EXERCISE REQUIREMENTS: The line containing "Kit 6 Banquetas" marks the end: quote every line from the start of the records below through it, word for word.

BEGIN RECORDS SUPPLIED

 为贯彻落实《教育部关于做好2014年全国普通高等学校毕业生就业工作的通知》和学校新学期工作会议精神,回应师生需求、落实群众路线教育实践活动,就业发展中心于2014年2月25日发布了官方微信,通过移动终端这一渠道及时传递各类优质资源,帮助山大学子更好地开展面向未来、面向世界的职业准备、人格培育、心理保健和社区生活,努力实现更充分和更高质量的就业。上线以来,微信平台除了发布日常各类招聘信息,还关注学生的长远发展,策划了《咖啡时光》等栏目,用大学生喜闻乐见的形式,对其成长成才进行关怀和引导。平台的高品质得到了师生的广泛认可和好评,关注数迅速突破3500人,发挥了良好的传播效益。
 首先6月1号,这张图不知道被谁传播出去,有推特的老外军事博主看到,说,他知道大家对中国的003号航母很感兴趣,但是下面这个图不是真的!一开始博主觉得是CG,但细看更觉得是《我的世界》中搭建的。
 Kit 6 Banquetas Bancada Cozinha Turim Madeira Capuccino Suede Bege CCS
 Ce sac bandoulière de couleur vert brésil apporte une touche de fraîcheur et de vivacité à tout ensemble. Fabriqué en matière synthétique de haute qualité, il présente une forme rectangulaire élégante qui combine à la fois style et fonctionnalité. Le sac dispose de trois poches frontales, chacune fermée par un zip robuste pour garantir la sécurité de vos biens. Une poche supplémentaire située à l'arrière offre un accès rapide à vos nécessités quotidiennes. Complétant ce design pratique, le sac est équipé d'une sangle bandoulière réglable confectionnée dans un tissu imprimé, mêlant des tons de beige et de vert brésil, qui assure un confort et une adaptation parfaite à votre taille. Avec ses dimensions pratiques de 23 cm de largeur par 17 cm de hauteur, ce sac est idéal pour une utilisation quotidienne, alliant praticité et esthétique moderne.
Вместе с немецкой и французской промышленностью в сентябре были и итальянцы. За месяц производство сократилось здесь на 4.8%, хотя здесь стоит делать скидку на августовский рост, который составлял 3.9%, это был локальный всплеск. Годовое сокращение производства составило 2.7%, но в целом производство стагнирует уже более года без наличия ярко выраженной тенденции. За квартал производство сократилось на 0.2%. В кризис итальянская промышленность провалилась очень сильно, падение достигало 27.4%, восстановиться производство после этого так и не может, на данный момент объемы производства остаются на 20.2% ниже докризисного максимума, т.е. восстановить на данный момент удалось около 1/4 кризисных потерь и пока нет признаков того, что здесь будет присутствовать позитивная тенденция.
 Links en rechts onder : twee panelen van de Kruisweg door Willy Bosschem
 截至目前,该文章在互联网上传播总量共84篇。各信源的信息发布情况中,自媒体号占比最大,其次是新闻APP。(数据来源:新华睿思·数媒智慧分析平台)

END RECORDS SUPPLIED

YOUR RESPONSE:
 为贯彻落实《教育部关于做好2014年全国普通高等学校毕业生就业工作的通知》和学校新学期工作会议精神,回应师生需求、落实群众路线教育实践活动,就业发展中心于2014年2月25日发布了官方微信,通过移动终端这一渠道及时传递各类优质资源,帮助山大学子更好地开展面向未来、面向世界的职业准备、人格培育、心理保健和社区生活,努力实现更充分和更高质量的就业。上线以来,微信平台除了发布日常各类招聘信息,还关注学生的长远发展,策划了《咖啡时光》等栏目,用大学生喜闻乐见的形式,对其成长成才进行关怀和引导。平台的高品质得到了师生的广泛认可和好评,关注数迅速突破3500人,发挥了良好的传播效益。
 首先6月1号,这张图不知道被谁传播出去,有推特的老外军事博主看到,说,他知道大家对中国的003号航母很感兴趣,但是下面这个图不是真的!一开始博主觉得是CG,但细看更觉得是《我的世界》中搭建的。
 Kit 6 Banquetas Bancada Cozinha Turim Madeira Capuccino Suede Bege CCS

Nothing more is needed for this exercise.